══ INPUT DATA
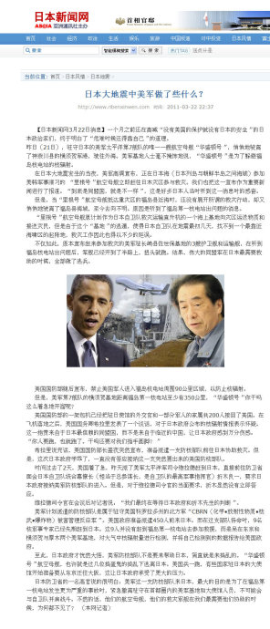 在日本大地震发生的当夜,美军高调宣布,正在日本海(日本列岛与朝鲜半岛之间海域)参加美韩军事演习的 “里根号”航空母舰立即赶往日本灾区参与救灾。我们也把这一宣布作为重要新闻进行了报道。“到底是同盟国,就是不一样”,这是好多日本人当时听到这一消息时的感奋。
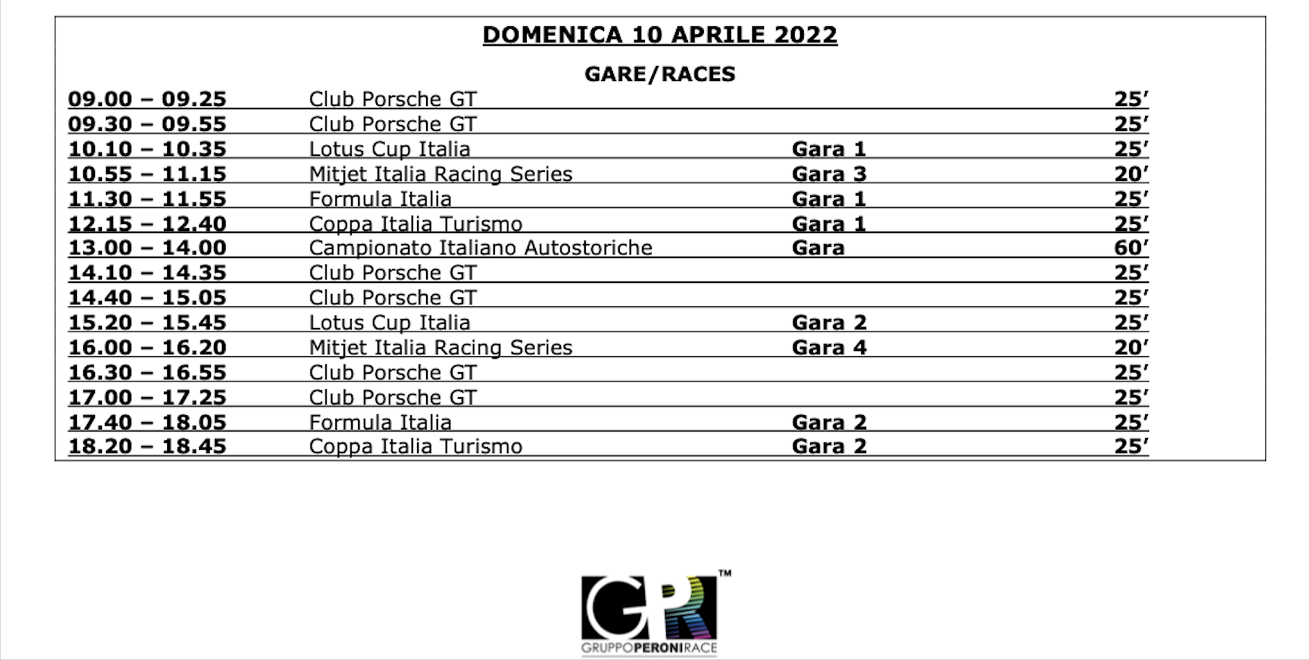 Domenica Dalle 9:00 alle 18:45 le gare di Lotus Cup, Club Porsche GT, Mitjet Italia, Coppa Italia Turismo e Campionato Italiano Autostoriche.
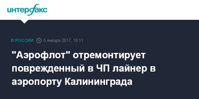 "Сейчас коллеги из компании "Аэрофлот" везут специальное оборудование из Варшавы. Сейчас (оно - ИФ) двигается в направлении Калининградской области. Они будут принимать решение относительно того, где его ремонтировать", - сказал он.
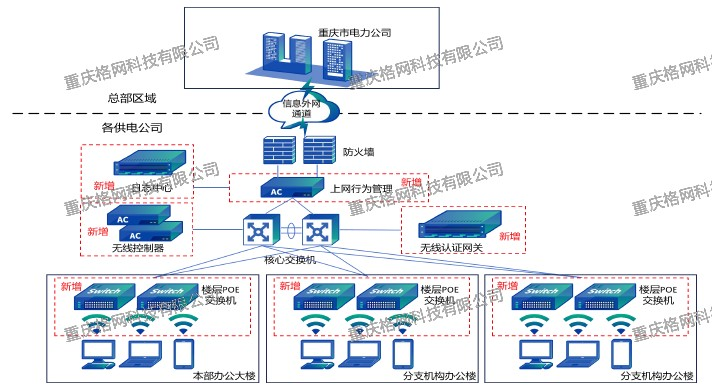 完成供电公司本部办公大楼、营业厅,供电所等区域信息外网无线网络部署,满足数字化供电所建设和员工日常移动业务的工作需求。
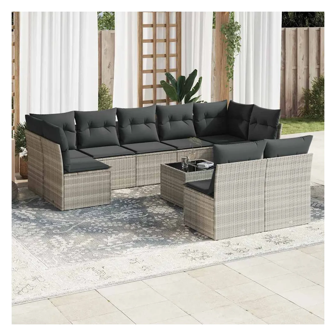 Cet ensemble de canapés de jardin est le complément parfait de votre arrière-cour, terrasse ou patio, offrant un espace confortable et accueillant pour discuter avec la famille et les amis ou simplement se détendre et profiter de l'extérieur. Matériau durable : la résine tressée, également connue sous le nom de poly rotin, est un matériau synthétique solide et nécessitant peu d'entretien qui ressemble au rotin naturel. Il est léger, facile à nettoyer et couramment utilisé pour les meubles d'extérieur en raison de sa durabilité et de ses propriétés de résistance aux intempéries.Fonction de rangement avec sac résistant à l'eau : chaque siège de jardin dispose d'un espace de rangement sous l'assise, complété par un sac résistant à l'eau pour ranger les coussins, les jouets et d'autres objets. Les sacs intérieurs sont dotés d'un couvercle et peuvent être solidement fixés aux sièges à l'aide de bandes auto-agrippantes pour plus de stabilité.Dessus en verre : le dessus de la table d'extérieur est fabriqué en verre trempé solide et durable, ce qui le rend facile à nettoyer avec un chiffon humide et ajoute une touche d'élégance à votre espace extérieur.Housse amovible et lavable : ces coussins de siège sont dotés de housses amovibles pour un lavage et un entretien faciles.Conception modulaire : cet ensemble de meubles d'extérieur a une conception modulaire, ce qui le rend complètement flexible et facile à déplacer, afin que vous puissiez créer un agencement de meubles d'extérieur personnalisé. Bon à savoir :Pour que vos meubles d'extérieur restent beaux, nous vous recommandons de les protéger avec une housse imperméable.
════
With pictures omitted, repeat the entries above word for word from the line holding "- сказал он." down to the line holding "完成供电公司本部办公大楼、营", keeping both of those lines.

## EXERCISE RESULT
 "Сейчас коллеги из компании "Аэрофлот" везут специальное оборудование из Варшавы. Сейчас (оно - ИФ) двигается в направлении Калининградской области. Они будут принимать решение относительно того, где его ремонтировать", - сказал он.
 完成供电公司本部办公大楼、营业厅,供电所等区域信息外网无线网络部署,满足数字化供电所建设和员工日常移动业务的工作需求。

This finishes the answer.